(Reuters) - Morgan Stanley MS.N expects the coronavirus outbreak will send U.S. auto sales down 9% this year, it said in an investor note on Wednesday. Before the outbreak, analysts had expected a modest decline of 1-2%.
Separately, researcher LMC Automotive said it expects concerns over coronavirus in the United States and other countries could drive global vehicle sales this year down 4% to 86.4 million, from 90.3 million in 2019. LMC previously had expected relatively flat global sales of 90.1 million.
In the United States, Morgan Stanley auto analyst Adam Jonas wrote that “demand shock” triggered by the spread of the virus could cause consumers to delay large purchases such as new cars.

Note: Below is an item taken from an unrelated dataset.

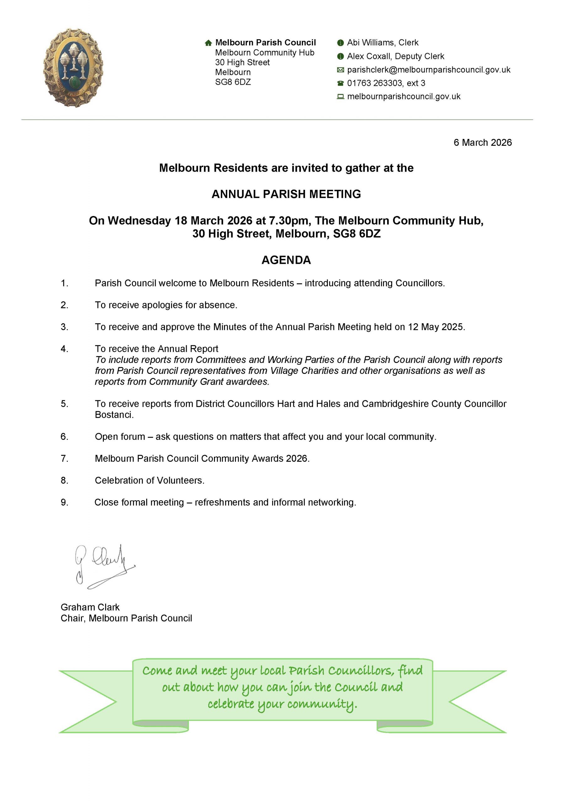 The Annual Parish Meeting will be held at Melbourn Community Hub at 7.30pm on Wednesday 18 March 2026.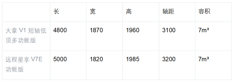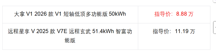 本次对比车型为:大拿 V1 2026 款短轴低顶多功能版 50kWh(指导价 8.88 万)、远程星享 V 2025 款 V7E 玄武 51.4kWh 智富功能版(指导价 11.19 万)。

He predicted U.S. sales could drop to 15.5 million vehicles, from 17.1 million in 2019.
LMC dropped its U.S. sales forecast to 16.5 million.
Automakers are due to report first-quarter sales in early April.
The National Automobile Dealers Association in early January had predicted a slight dip in 2020 sales to 16.8 million.
In his note, Jonas said coronavirus fears could have a ripple effect on used car sales and on consumer credit.
As the virus spreads, it will continue to have a negative impact on the auto industry, said Jeff Schuster, LMC president of global vehicle forecasts, adding, “volatility will remain with us until there is evidence of containment globally, and the lasting effect could spill into 2021.”